I have seen that there are possibilities to cut() in linear manner and thanks to numpy.logspace in logarithmic manner, but binning around the mean seems to be void and my ideas so far haven't worked and seem to be inefficient.
You can make bins that increase in size linearly:
import numpy as np
def make_progressive_bins(min_x, max_x, mean_x, num_bins=10):
x_rel_lim = max(mean_x - min_x, mean_x - max_x)
num_bins_half = num_bins // 2
bins_right = np.arange(0, num_bins_half + 1)
if num_bins % 2 == 1:
bins_right = bins_right + 0.5
bins_right = np.cumsum(bins_right)
bins = np.concatenate([-bins_right[bins_right > 0][::-1], bins_right])
bins = bins * (float(x_rel_lim) / bins[-1]) + mean_x
return bins
And then you can use it like:
import numpy as np
import matplotlib.pyplot as plt
bins = make_progressive_bins(-20, 50, 10, 15)
plt.bar(bins - 0.1, np.ones_like(bins), 0.2)

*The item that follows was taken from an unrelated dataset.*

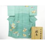 正絹訪問着 未仕立て 仮絵羽 薄グリーン地吉祥紋様に花紋】
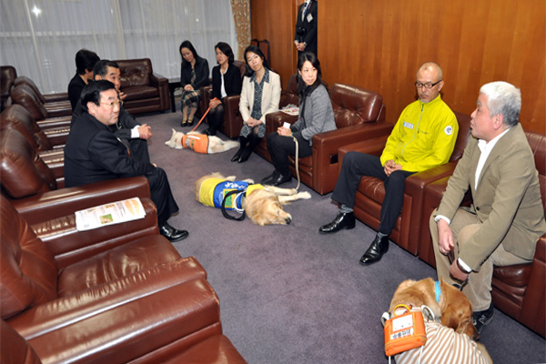 その後、各協会の代表や利用者の皆様と補助犬が市会議長へ表敬訪問しました。副議長として私も同席し、これからの普及啓発活動などについて、意見交換しました。

I made a script that might do what you want to achieve, but I'm not sure how to convert the resulted cut object into a histogram to see if it does what i want it to do, so please check and tell me if it works :).
# Make normally distributed price with mean 50.
df = pd.DataFrame(data=np.random.normal(50, size=1000), columns=['price'])
df.hist(bins=30)
num_bins = 100
# I used a square function to distribute the bins more around 0 and
# less at the outskirts of the range.
shape_func = lambda x: x**2
bin_loc = [shape_func(i) for i in range(num_bins//2)]
mirrored_bin_loc = [-x for x in bin_loc[::-1]]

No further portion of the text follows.